April 09, 2004 ~ 11:51 AM

Matt didn't call me to say goodnight last night. He'd promised to call me every night we were apart. Meh. So I was sorta sad last night. Was able to sleep though, with aid of heavy blankets trick. Still had a nightmare, though. Matt was at a party. He didn't know I was there or something cuz he didn't really see me. But he kept hitting on this one girl who looked all weird. She was wearing all sortsa green and I didn't know her name so I called her Ribbet. Heh. But yeah. He wasn't drunk but throughout the night he juss kept on touching her. At one point he tackled her onto a sofa. Gah! Hurt so bad. I was crying a lot in my dream and telling Matt to stop and to come and love me but he just didn't. It was like I was invisible or he was just ignoring me. Damn my nightmares. Now I'm all scared and paranoid. If he did cheat on me, I would never know. Who's gonna tell me? Matt won't. He lies to me sometimes and I know it and it feels like shit but I try not to bitch. But it does hurt. And that sucks. Sometimes I think I'm too dramatic. And I know that in reality, being in love is always my downfall, my weakness, it's my cornerstone and if the love cracks or disappears... I just crumble to the ground. Matt doesn't think the next two months are very long... but to me it is an eternity. There is something not right about that. I should not need him to be here to trust him and to be secure in him. But he does tend to break promises and tell little or not so little lies. He has just recently demolished my trust for him... How am I to rebuild this trust if he is 400 miles away doing goddess knows what? Deep down I'm just scared of losing him ultimately.
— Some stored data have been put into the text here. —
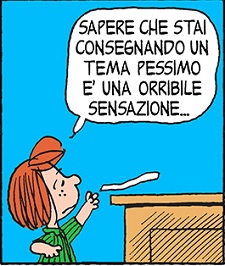 Ecco perché – quando arrivo al termine del percorso quinquennale con i miei studenti, allenati fin da subito se non altro per necessità, diciamo così, istituzionali alle varie tipologie di scrittura – mi chiedo sempre da dove possa nascere l’equivoco – pure così diffuso – che il tema sia (all’esame) la zona franca, una sorta di salva-vita buono per gli studenti svogliati. Di fronte alle tre tipologie d’esame
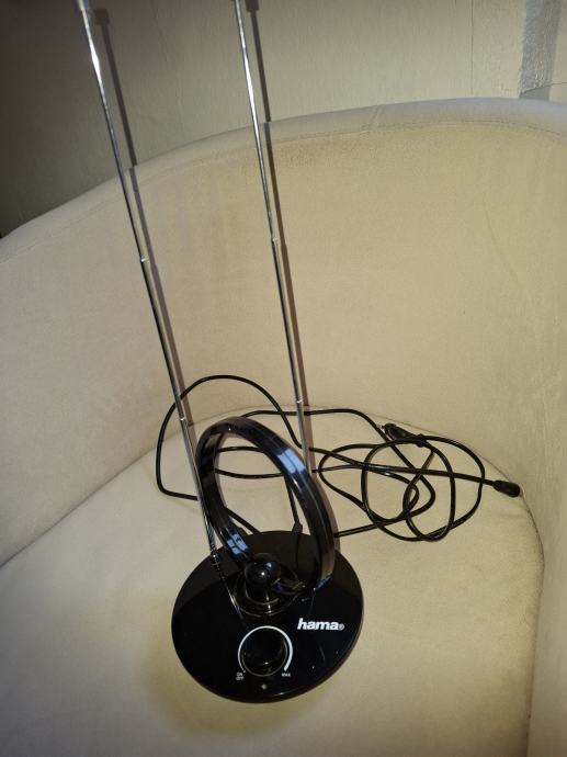 Prodajem novu sobnu antenu Hama, model DVB-T indoor aerial, crne boje. Antena dolazi s teleskopskim dipol elementima i okruglom bazom s regulatorom pojačanja (ON/OFF/MAX). Napajanje je putem struje (230V, 50Hz, 15mA), a kabel za priključak je uključen.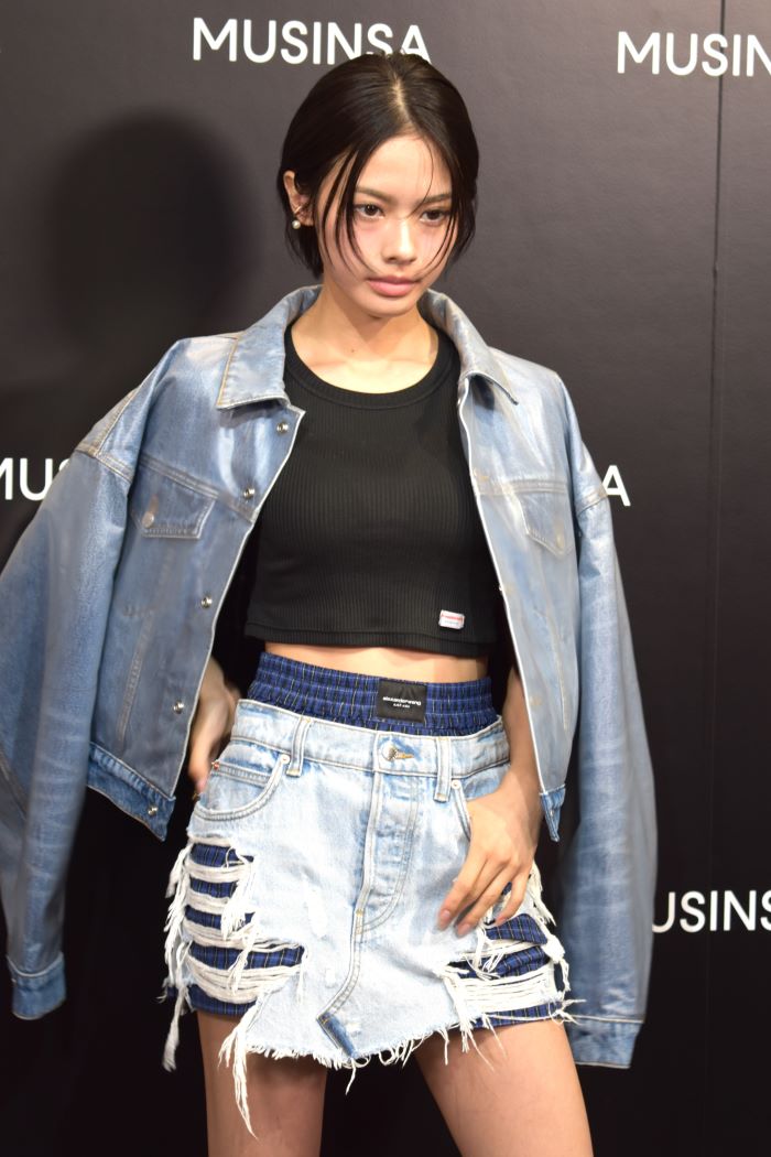 この日安斉さんは、黒のショートトップスにライトブルーのデニムジャケット、ダメージ加工のミニデニムスカート、黒のロングブーツを組み合わせた、甘さとクールさが融合したスタイルで登場。イベントのコンセプト「らしさ、MUSINSA」にちなんで“自分らしさ”について尋ねられると、「自分を愛することです」と語り、「自分を大切にすることで、他人にも優しくなれると思うので、“Love yourself”が自分のテーマです」と笑顔を見せました。

Selfish reasons, I know- I don't wanna go through the heartbreak again. I don't think I can... The whole thing with Noah was a huge beautiful debacle but it sliced me to pieces. I can't do it again. I won't do it again. I'll die before I submit myself to that degree of pain again. I think... {me being a drama queen, i know} that if I lose Matt, I'd lose myself- not just my heart but my mind, my equilibrium, my very essence... I love him too much... I can't lose him.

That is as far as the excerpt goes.